INDIANAPOLIS – Will Power vuole fare il bis alla 500 Miglia di Indianapolis, e ha recapitato un bel biglietto da visita a tutti gli avversari che vogliono frapporsi fra lui e il secondo successo nella gara più blasonata della IndyCar. Il pilota australiano ha infatti realizzato senza troppi patemi d’animo il miglior tempo nella sessione inaugurale di prove libere dell’edizione numero 103 della 500 Miglia di Indianapolis.

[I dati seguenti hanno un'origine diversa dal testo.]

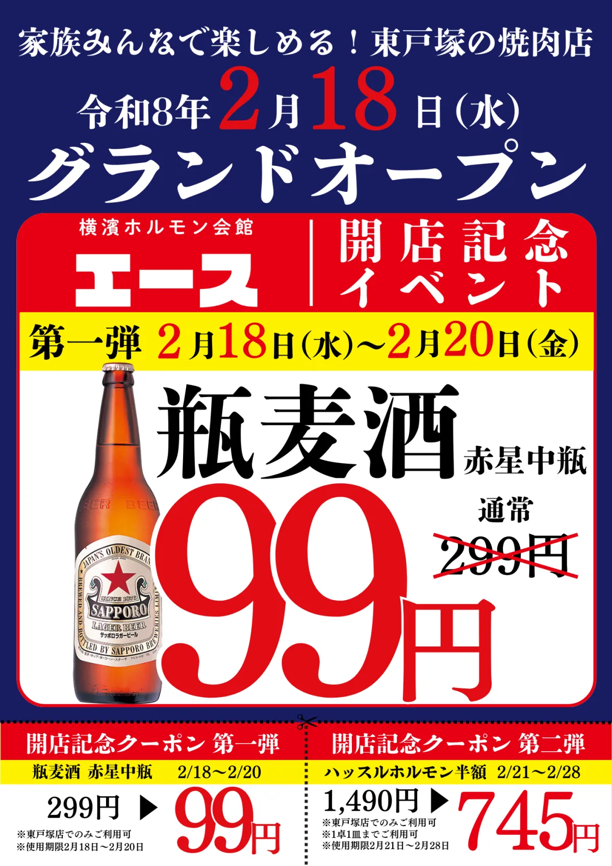 さらに、オープン記念として、2つの特別イベントを用意。1つ目は、2026年2月18日から20日の間限定で、赤星の瓶ビールを通常の299円から99円で提供します。飲食文化を気軽に体験してもらいたいという思いから企画されたこのイベントは見逃せません。
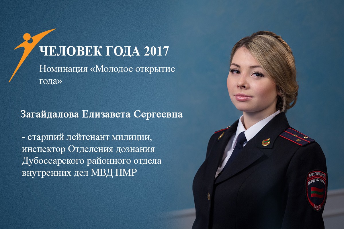 Елизавета Загадайлова пользуется заслуженным авторитетом среди коллег, оказывает практическую помощь сотрудникам различных служб Дубоссарского РОВД. За результативную работу по итогам 2017 года была занесена на Доску почета, также ей присвоена профессиональная классность «Специалист III класса».
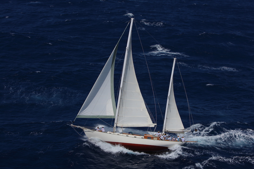 - S/Y Desiderata racing at the Antigua Classic Yacht Regatta.
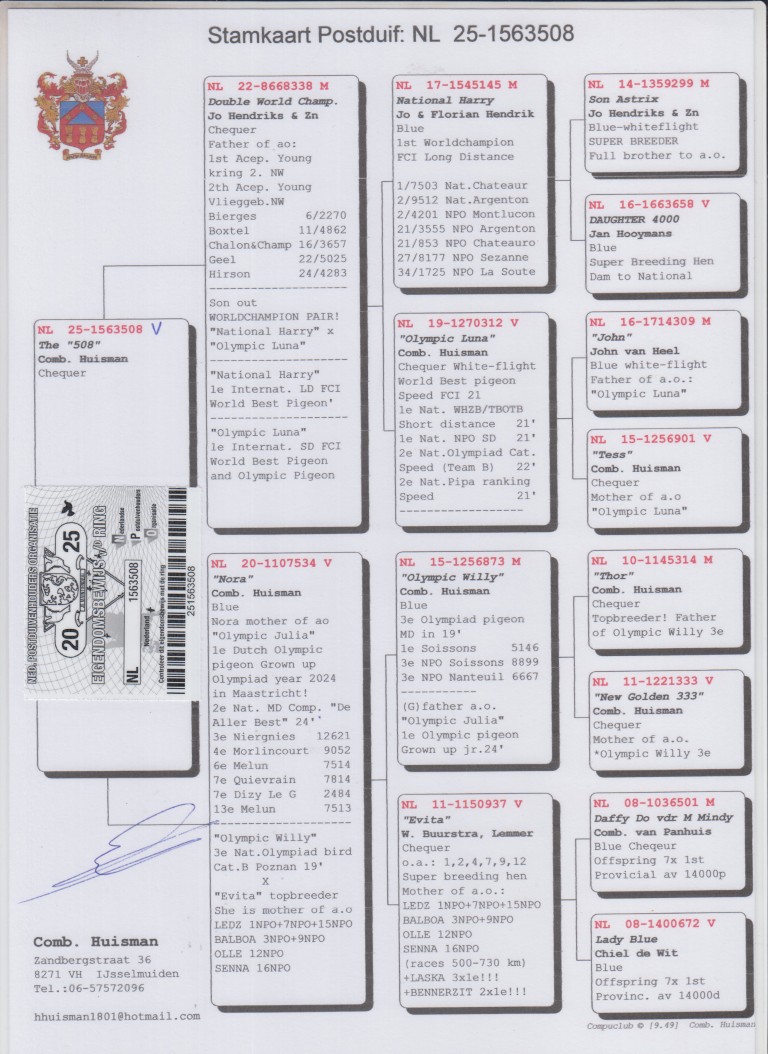 Uit: ”Double World Champ.”, vader 2x 1. Asduif Jonge Duiven, zoon ”National Harry” & ”Olympic Luna” x ”Nora”, moeder ”Olympic Julia”, 1. Olympiade duif Cat. Grown Up, 2. Nat. Asduif Midfond, dochter ”Olympic Willy”
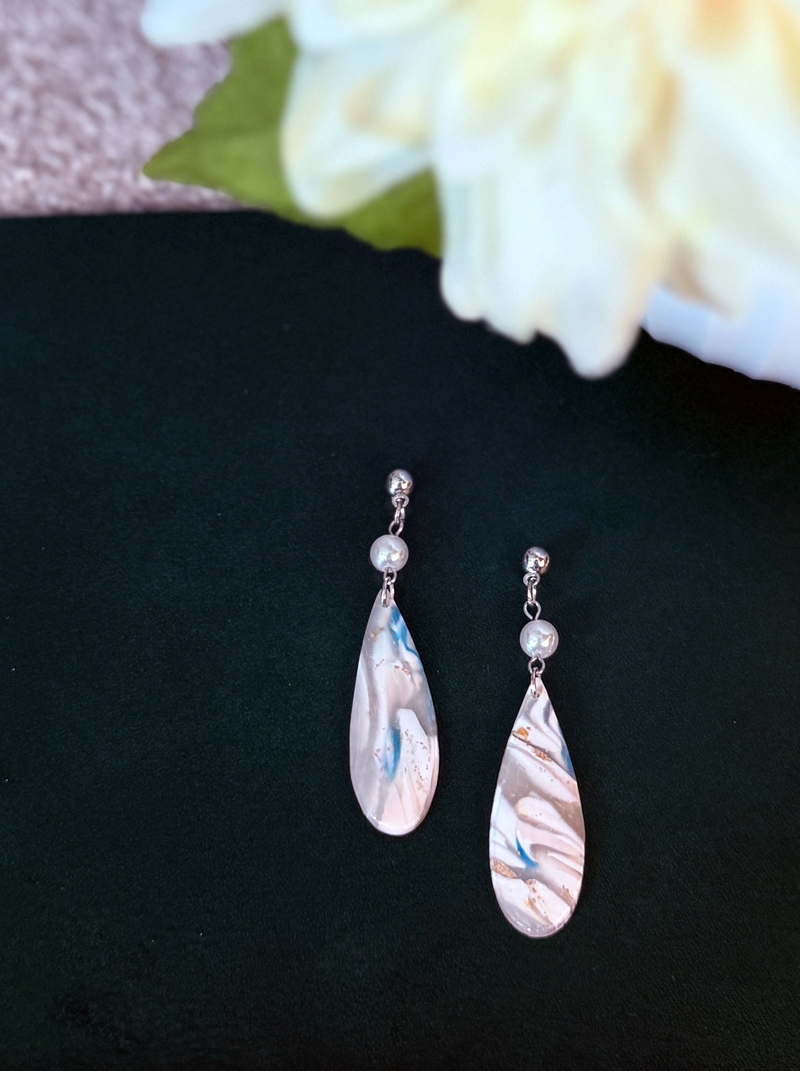 - Material: Polymer clay, pearl beads, sliver plated earring post

Il pilota del team Penske, sfruttando alcune scie, è riuscito a coprire l’ovale di Indianapolis in 39.1738 secondi, a una velocità media di 229.745 miglia orarie (369 km/h circa, ndr). L’unico in grado di avvicinarsi al tempo del campione IndyCar 2014 è stato il suo compagno di squadra Pagenaud. Il fresco vincitore del GP di Indianapolis ha girato solamente sette millesimi più lento di Power, e ha dimostrato di saper tenere un passo molto costante nel corso delle simulazioni di gara. Il terzo tempo lo ha realizzato Ed Carpenter, uno che a Indianapolis si è spesso dimostrato velocissimo e in grado di recitare un ruolo da protagonista, soprattutto nelle sessioni di qualifica: non a caso lo scorso anno fu lui a ottenere la pole position!

 

Indianapolis Motor Speedway/Official Facebook

 

Buon quarto tempo per Castroneves, reduce da un GP di Indianapolis deludente e da un testacoda in uscita dalla corsia dei box con pista bagnata. Herta è stato il miglior rookie della giornata col suo quinto tempo, nonché il più rapido fra i piloti spinti dal propulsore Honda. Alle spalle del più giovane vincitore della IndyCar si è piazzato uno dei piloti più esperti della serie americana, Bourdais, che si è anche messo in evidenza per aver percorso ben 110 giri.  Il pilota più attivo di giornata è stato Pigot con 128 giri percorsi. Il pilota dell’Ed Carpenter Racing si è posto in undicesima posizione in classifica, dietro al suo compagno di squadra Jones, che è si è però distinto per aver fatto il miglior tempo fra quelli realizzati senza sfruttare la scia di una vettura davanti.

I piloti dell’Andretti Autosport non hanno cercato il tempo sul giro, e si sono limitati ad accumulare dati utili a trovare un buon assetto per la gara. VeachRossiAndretti hanno comunque occupato le posizioni dalla settima alla nona, mentre Hunter-Reay si è fermato in dodicesima e ha dedicato il pomeriggio alle simulazioni di passo.

Trentaduesimo tempo per Fernando Alonso. Il pilota della McLaren ha trascorso una prima giornata di prove molto complicata, a causa di alcuni problemi elettrici sulla sua vettura. Lo spagnolo ha completato solo 50 giri, contro gli 80 medi percorsi dagli avversari. Peggio è andata a O’Ward, che ha dovuto interrompere all’improvviso il suo programma di lavoro nel Rookie Orientation Program per la rottura del cambio. Nel pomeriggio comunque il Carlin Racing ha provveduto a sostituire il cambio, e Chilton ha percorso 13 giri con la macchina di O’Ward per verificare che tutto funzionasse correttamente.